* _Task brief_: Below are records to repeat exactly. Omit the pictures from the copy.

* _Records_:
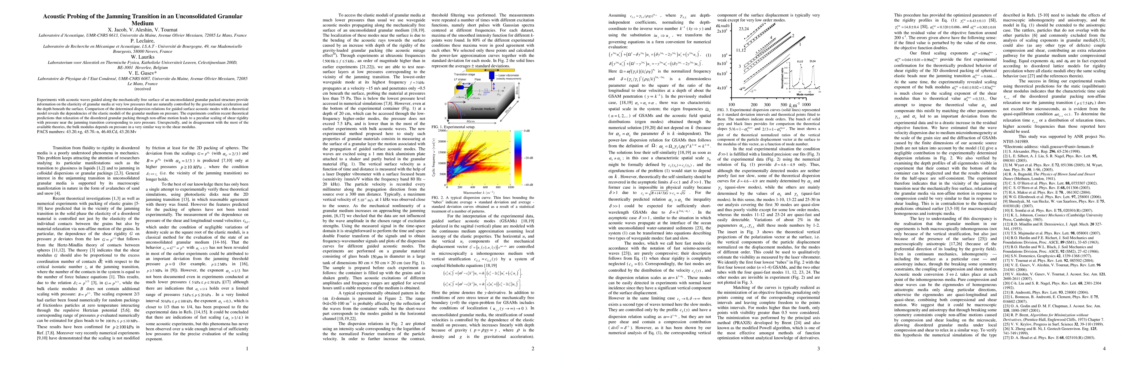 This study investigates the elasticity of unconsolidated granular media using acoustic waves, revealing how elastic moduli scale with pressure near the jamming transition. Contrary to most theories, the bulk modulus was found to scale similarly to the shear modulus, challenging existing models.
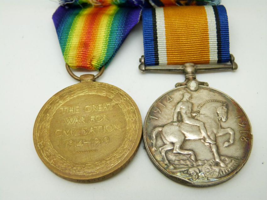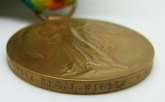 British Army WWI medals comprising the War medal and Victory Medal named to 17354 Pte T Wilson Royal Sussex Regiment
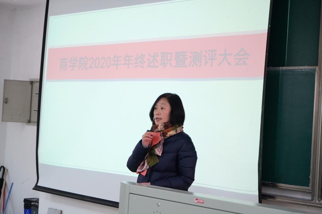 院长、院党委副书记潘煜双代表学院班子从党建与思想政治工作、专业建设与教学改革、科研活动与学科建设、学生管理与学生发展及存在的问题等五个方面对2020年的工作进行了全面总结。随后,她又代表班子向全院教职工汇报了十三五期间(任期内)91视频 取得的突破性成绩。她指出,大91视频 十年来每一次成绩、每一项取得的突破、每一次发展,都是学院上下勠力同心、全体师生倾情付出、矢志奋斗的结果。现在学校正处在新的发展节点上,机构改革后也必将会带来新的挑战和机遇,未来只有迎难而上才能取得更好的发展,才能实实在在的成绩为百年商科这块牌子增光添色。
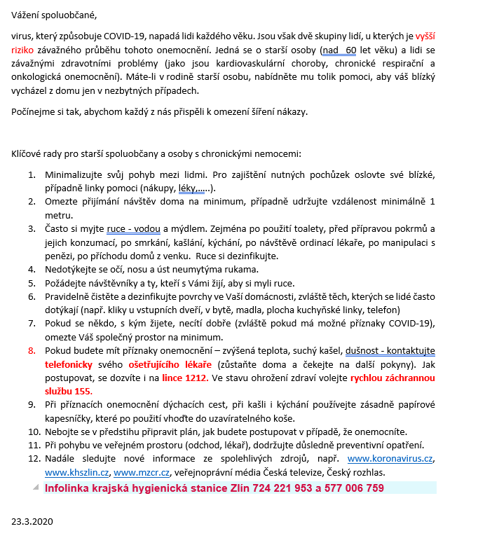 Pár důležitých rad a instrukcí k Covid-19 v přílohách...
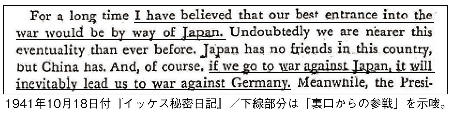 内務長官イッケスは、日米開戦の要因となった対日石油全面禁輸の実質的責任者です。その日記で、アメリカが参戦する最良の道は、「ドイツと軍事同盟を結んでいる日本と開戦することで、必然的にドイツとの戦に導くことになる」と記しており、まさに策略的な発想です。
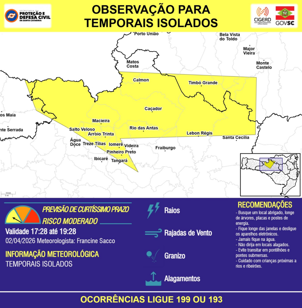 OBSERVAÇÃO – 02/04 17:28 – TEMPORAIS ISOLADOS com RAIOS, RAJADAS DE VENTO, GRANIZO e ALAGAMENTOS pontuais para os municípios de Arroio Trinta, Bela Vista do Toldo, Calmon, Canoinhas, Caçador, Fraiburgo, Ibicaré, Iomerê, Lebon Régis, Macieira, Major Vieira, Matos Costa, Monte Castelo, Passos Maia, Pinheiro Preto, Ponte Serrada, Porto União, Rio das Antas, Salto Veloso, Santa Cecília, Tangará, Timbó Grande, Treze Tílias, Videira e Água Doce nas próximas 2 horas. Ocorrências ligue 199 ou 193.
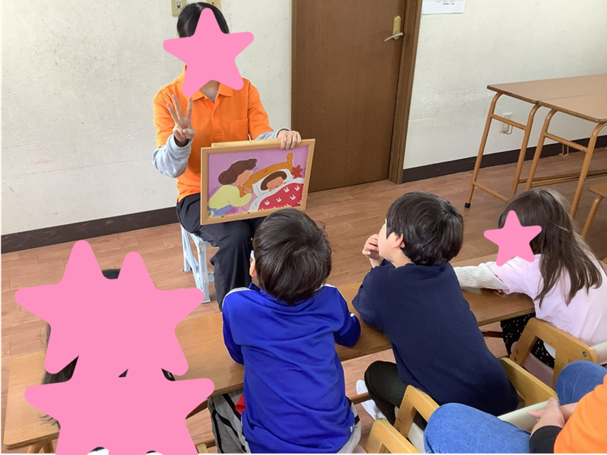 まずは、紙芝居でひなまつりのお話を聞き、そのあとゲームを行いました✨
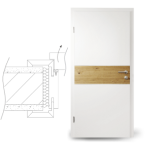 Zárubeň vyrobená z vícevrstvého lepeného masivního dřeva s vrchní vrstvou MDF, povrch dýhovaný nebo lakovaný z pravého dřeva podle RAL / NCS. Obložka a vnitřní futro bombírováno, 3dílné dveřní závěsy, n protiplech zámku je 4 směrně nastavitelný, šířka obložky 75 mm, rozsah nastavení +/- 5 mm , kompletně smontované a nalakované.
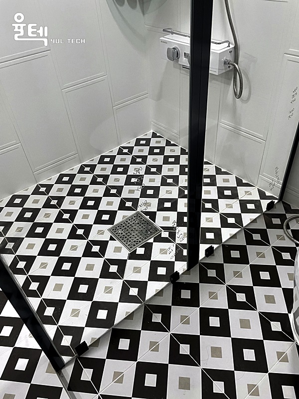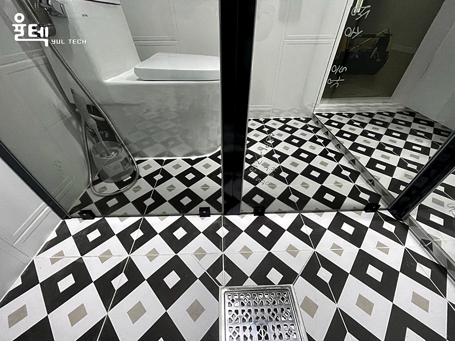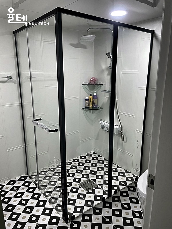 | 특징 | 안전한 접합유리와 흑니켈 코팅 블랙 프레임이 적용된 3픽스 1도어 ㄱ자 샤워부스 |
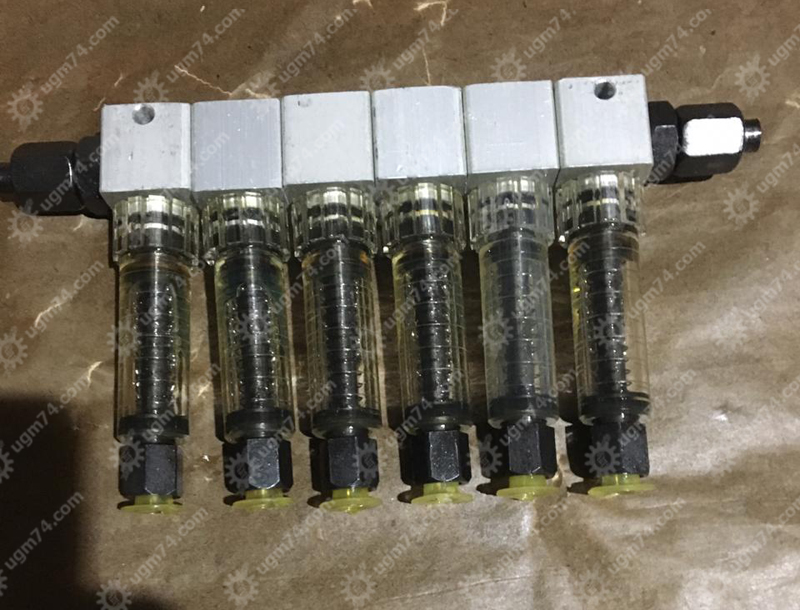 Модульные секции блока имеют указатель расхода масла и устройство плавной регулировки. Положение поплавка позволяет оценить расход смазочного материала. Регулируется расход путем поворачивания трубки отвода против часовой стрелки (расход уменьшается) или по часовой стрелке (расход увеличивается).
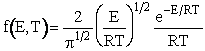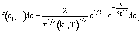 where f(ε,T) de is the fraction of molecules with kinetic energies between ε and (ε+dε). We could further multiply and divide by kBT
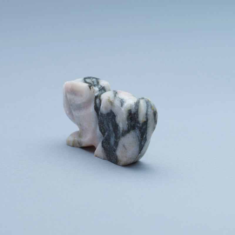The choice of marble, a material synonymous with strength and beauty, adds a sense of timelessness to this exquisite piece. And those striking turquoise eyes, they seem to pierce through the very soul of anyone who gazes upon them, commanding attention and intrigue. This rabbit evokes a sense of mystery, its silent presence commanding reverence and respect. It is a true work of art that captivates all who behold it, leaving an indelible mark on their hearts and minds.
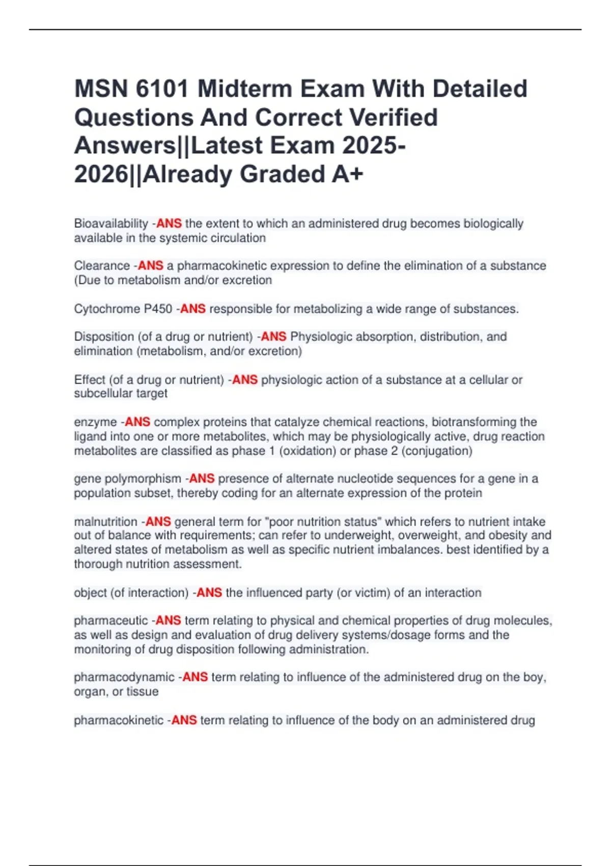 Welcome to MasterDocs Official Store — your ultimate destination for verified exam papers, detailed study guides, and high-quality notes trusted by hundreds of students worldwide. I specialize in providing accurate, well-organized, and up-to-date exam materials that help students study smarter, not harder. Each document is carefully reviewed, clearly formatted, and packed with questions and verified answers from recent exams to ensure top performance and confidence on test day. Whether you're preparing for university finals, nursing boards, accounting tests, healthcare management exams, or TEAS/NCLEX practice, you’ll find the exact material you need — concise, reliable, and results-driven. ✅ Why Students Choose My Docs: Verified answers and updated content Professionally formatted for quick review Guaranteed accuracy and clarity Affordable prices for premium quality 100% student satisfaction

* _Answer section_:
 This study investigates the elasticity of unconsolidated granular media using acoustic waves, revealing how elastic moduli scale with pressure near the jamming transition. Contrary to most theories, the bulk modulus was found to scale similarly to the shear modulus, challenging existing models.
 British Army WWI medals comprising the War medal and Victory Medal named to 17354 Pte T Wilson Royal Sussex Regiment
 院长、院党委副书记潘煜双代表学院班子从党建与思想政治工作、专业建设与教学改革、科研活动与学科建设、学生管理与学生发展及存在的问题等五个方面对2020年的工作进行了全面总结。随后,她又代表班子向全院教职工汇报了十三五期间(任期内)91视频 取得的突破性成绩。她指出,大91视频 十年来每一次成绩、每一项取得的突破、每一次发展,都是学院上下勠力同心、全体师生倾情付出、矢志奋斗的结果。现在学校正处在新的发展节点上,机构改革后也必将会带来新的挑战和机遇,未来只有迎难而上才能取得更好的发展,才能实实在在的成绩为百年商科这块牌子增光添色。
 Pár důležitých rad a instrukcí k Covid-19 v přílohách...
 内務長官イッケスは、日米開戦の要因となった対日石油全面禁輸の実質的責任者です。その日記で、アメリカが参戦する最良の道は、「ドイツと軍事同盟を結んでいる日本と開戦することで、必然的にドイツとの戦に導くことになる」と記しており、まさに策略的な発想です。
 OBSERVAÇÃO – 02/04 17:28 – TEMPORAIS ISOLADOS com RAIOS, RAJADAS DE VENTO, GRANIZO e ALAGAMENTOS pontuais para os municípios de Arroio Trinta, Bela Vista do Toldo, Calmon, Canoinhas, Caçador, Fraiburgo, Ibicaré, Iomerê, Lebon Régis, Macieira, Major Vieira, Matos Costa, Monte Castelo, Passos Maia, Pinheiro Preto, Ponte Serrada, Porto União, Rio das Antas, Salto Veloso, Santa Cecília, Tangará, Timbó Grande, Treze Tílias, Videira e Água Doce nas próximas 2 horas. Ocorrências ligue 199 ou 193.
 まずは、紙芝居でひなまつりのお話を聞き、そのあとゲームを行いました✨
 Zárubeň vyrobená z vícevrstvého lepeného masivního dřeva s vrchní vrstvou MDF, povrch dýhovaný nebo lakovaný z pravého dřeva podle RAL / NCS. Obložka a vnitřní futro bombírováno, 3dílné dveřní závěsy, n protiplech zámku je 4 směrně nastavitelný, šířka obložky 75 mm, rozsah nastavení +/- 5 mm , kompletně smontované a nalakované.
 | 특징 | 안전한 접합유리와 흑니켈 코팅 블랙 프레임이 적용된 3픽스 1도어 ㄱ자 샤워부스 |
 Модульные секции блока имеют указатель расхода масла и устройство плавной регулировки. Положение поплавка позволяет оценить расход смазочного материала. Регулируется расход путем поворачивания трубки отвода против часовой стрелки (расход уменьшается) или по часовой стрелке (расход увеличивается).
 where f(ε,T) de is the fraction of molecules with kinetic energies between ε and (ε+dε). We could further multiply and divide by kBT
The choice of marble, a material synonymous with strength and beauty, adds a sense of timelessness to this exquisite piece. And those striking turquoise eyes, they seem to pierce through the very soul of anyone who gazes upon them, commanding attention and intrigue. This rabbit evokes a sense of mystery, its silent presence commanding reverence and respect. It is a true work of art that captivates all who behold it, leaving an indelible mark on their hearts and minds.
 Welcome to MasterDocs Official Store — your ultimate destination for verified exam papers, detailed study guides, and high-quality notes trusted by hundreds of students worldwide. I specialize in providing accurate, well-organized, and up-to-date exam materials that help students study smarter, not harder. Each document is carefully reviewed, clearly formatted, and packed with questions and verified answers from recent exams to ensure top performance and confidence on test day. Whether you're preparing for university finals, nursing boards, accounting tests, healthcare management exams, or TEAS/NCLEX practice, you’ll find the exact material you need — concise, reliable, and results-driven. ✅ Why Students Choose My Docs: Verified answers and updated content Professionally formatted for quick review Guaranteed accuracy and clarity Affordable prices for premium quality 100% student satisfaction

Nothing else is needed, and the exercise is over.